Biden promises to release $2B in COVID aid for N.Y. blocked by Trump after Schumer push
President-elect Joe Biden has pledged to release $2 billion in long-sought coronavirus relief for New York once he takes office to help the city and state tackle mounting costs associated with the pandemic, Sen. Chuck Schumer announced Thursday.
Schumer, who’s set to become Senate majority leader next week when Democrats regain majority control of the chamber, told the Daily News he convinced Biden after “numerous discussions” to lift a federal disaster aid reimbursement cap kept in place by President Trump’s administration.
The cap mandated that the Federal Emergency Management Agency only reimburse 75% of costs incurred by New York state, city and local governments for COVID-related expenses, which include anything from personal protective equipment and overtime pay for nurses and doctors to constructions of temporary hospitals and childcare for kids of front-line health care workers.
With the cap gone, FEMA will be able to reimburse 100% of New York’s pandemic-related costs — which translates into another $2 billion in the bank for the Empire State, according to Schumer.
“Achieving my goal of 100% FEMA cost share to the city and state will mean a sigh of relief for all New Yorkers because these critical dollars will help protect essential services and workers while we deal with badly burdened budgets that have been gut-punched by COVID,” Schumer said. “I am glad we could get this done even before the president-elect is sworn in because it shows how we will be hitting the ground running come January 20th.”
A spokesman for Biden’s transition team declined to comment.
Schumer, Gov. Cuomo and other New York Democrats lobbied Trump for months to waive the cap. In April, Schumer sent a letter to Trump noting that FEMA did it for New York during Superstorm Sandy and the 9/11 attacks.
But the Republican president never dropped the reimbursement restriction.
That’s in spite of Trump and Treasury Secretary Steven Mnuchin promising Cuomo during a meeting in the Oval Office on April 21 that the administration “would take care of it,” the governor told reporters after that sit-down.
In August, Cuomo blasted Trump for breaking the promise.
“Make a long story short, they refused to waive the 25% and said that we owe them 25%,” Cuomo said at the time. “I’d rather do business with the old-time bookie on the street corner than do business with FEMA.”
Though the extra $2 billion in FEMA funds will cover some of New York’s financial burdens, Cuomo has long maintained that the state needs at least $30 billion in federal coronavirus bailouts to stave off mass layoffs of government employees.

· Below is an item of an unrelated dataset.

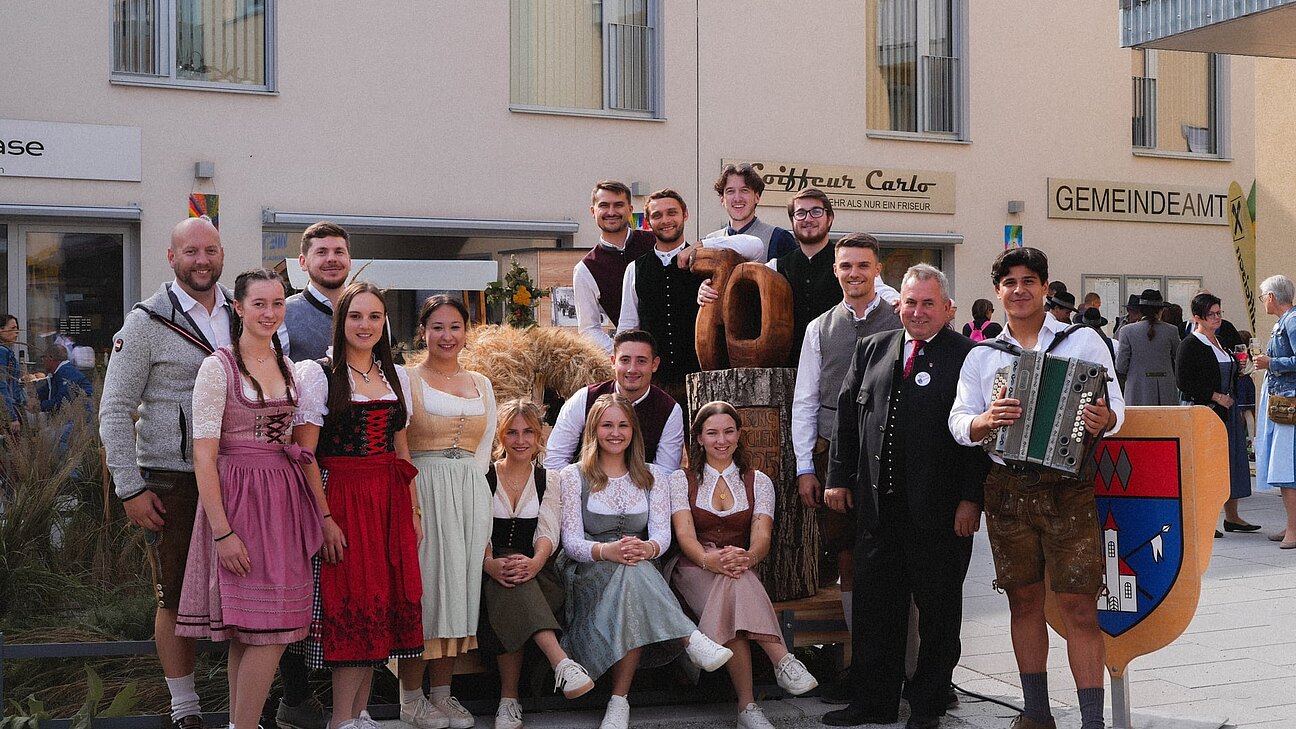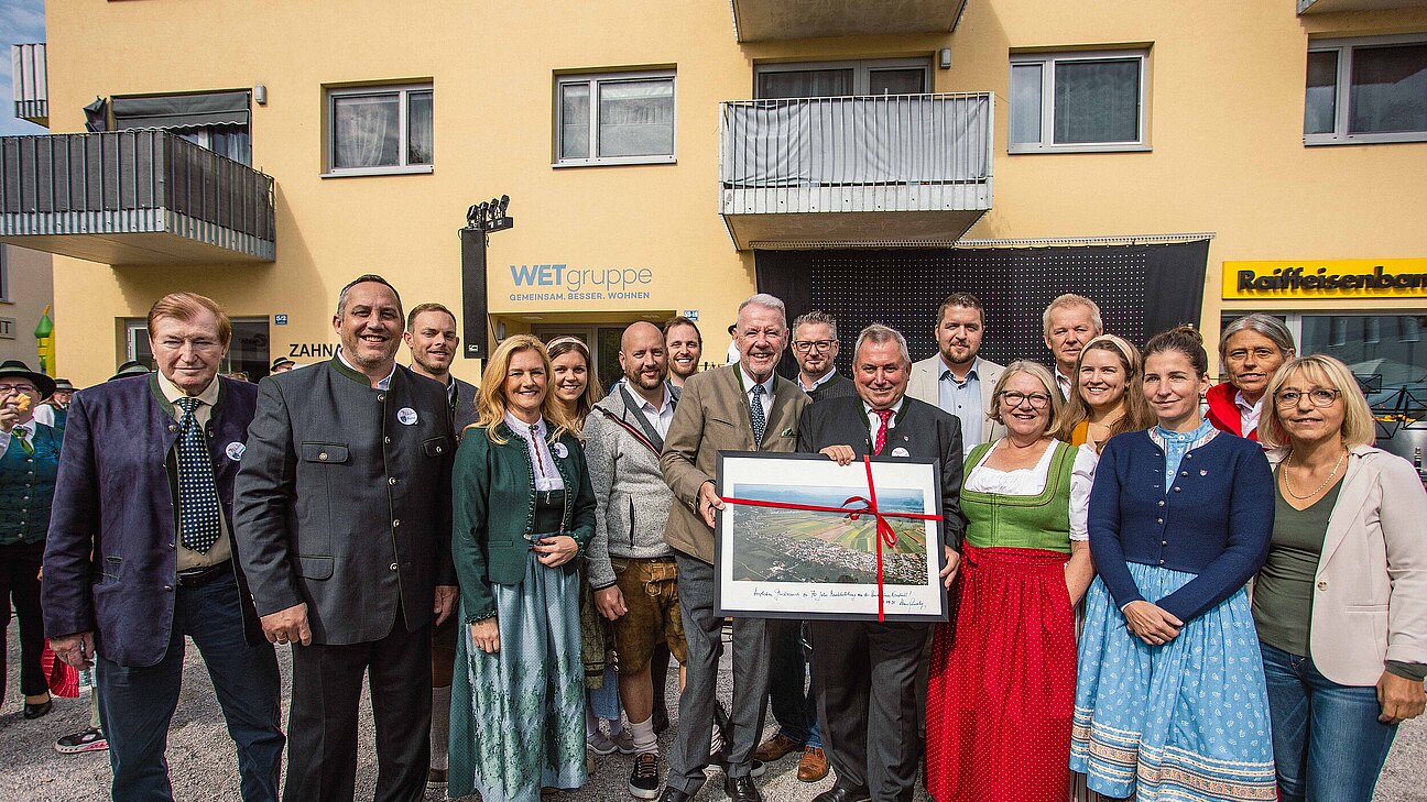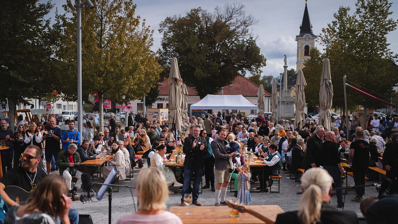 Im Anschluss an die Festmesse zogen Pater Nestor, die Bauern, Kinder und Jugend sowie alle Festgäste zum festlich geschmückten Hauptplatz um 70 Jahre Markterhebung ausgiebig zu feiern. „Wer mich kennt, weiß, dass ich Tage wie diese schätze. Wenn wir zusammenkommen, das Gefühl der Verbundenheit, der Bodenständigkeit feiern, einen Blick zurück und drei Blicke nach vorne werfen, dann bin ich angekommen und freue ich mich. Ich freue mich auch ganz besonders, dass hier in unser Ortszentrum,zum Hauptplatz alle gekommen sind, alt und jung, Bauern und Angestellte, Arbeiter – einfach die gesamte Bevölkerung. Das zeigt mir einmal mehr, dass bei uns in Lanzenkirchen die Welt noch in Ordnung ist!“, so Bürgermeister Bernhard Karnthaler. Außerdem bedankte er sich in seiner Ansprache beim gesamten Organisationsteam, allen voran bei Gemeinderätin Maria Kornhofer für den unermüdlichen Einsatz und die Vor- und Nachbereitung. Eine besondere Wertschätzung hat der Ortschef auch durch den Ehrengast, Bürgermeister Klaus Schneeberger erfahren: Schneeberger überreichte an Karnthaler ein Bild von Lanzenkirchen. Bgm. Klaus Schneeberger: „Das Foto passt zu Lanzenkirchen – ich habe es ganz bewusst ausgewählt – Lanzenkirchen ist stets am Puls der Zeit oder sogar einen Schritt voraus und so wurde auch dieses Bild nicht herkömmlich aufgenommen, sondern mit einer Drohne. Der Blick von oben soll zeigen, dass Bürgermeister Karnthaler immer den Überblick hat und bei allen Details stets den Blick fürs Ganze bewahrt. Ich komme sehr gerne nach Lanzenkirchen und schätze das familiäre Miteinander, hier wird Stadt und Land mitanand gelebt, die Entwicklung Lanzenkirchens in den letzten 15 bis 20 Jahren spricht für sich und ist beispielhaft für die gesamte Region!“, so Bürgermeister Klaus Schneeberger bei seiner Festansprache. Der Eintrag ins Lanzenkirchner Gästebuch durfte dabei natürlich nicht feiern. Er reihte sich in den Reigen von Bundeskanzler Christian Stocker und Landeshauptfrau Hanni Mikl-Leitner ein.

The last federal stimulus package signed into law in late December did not include any budgetary aid for states after Democrats on Capitol Hill dropped the provision in order to resolve a stalemate in negotiations with Republicans.
Biden has vowed that he’ll quickly push Congress to pass another coronavirus stimulus package replete with state aid once he takes office. With Democratic control of the House and Senate, he’ll likely be able to make good on that pledge.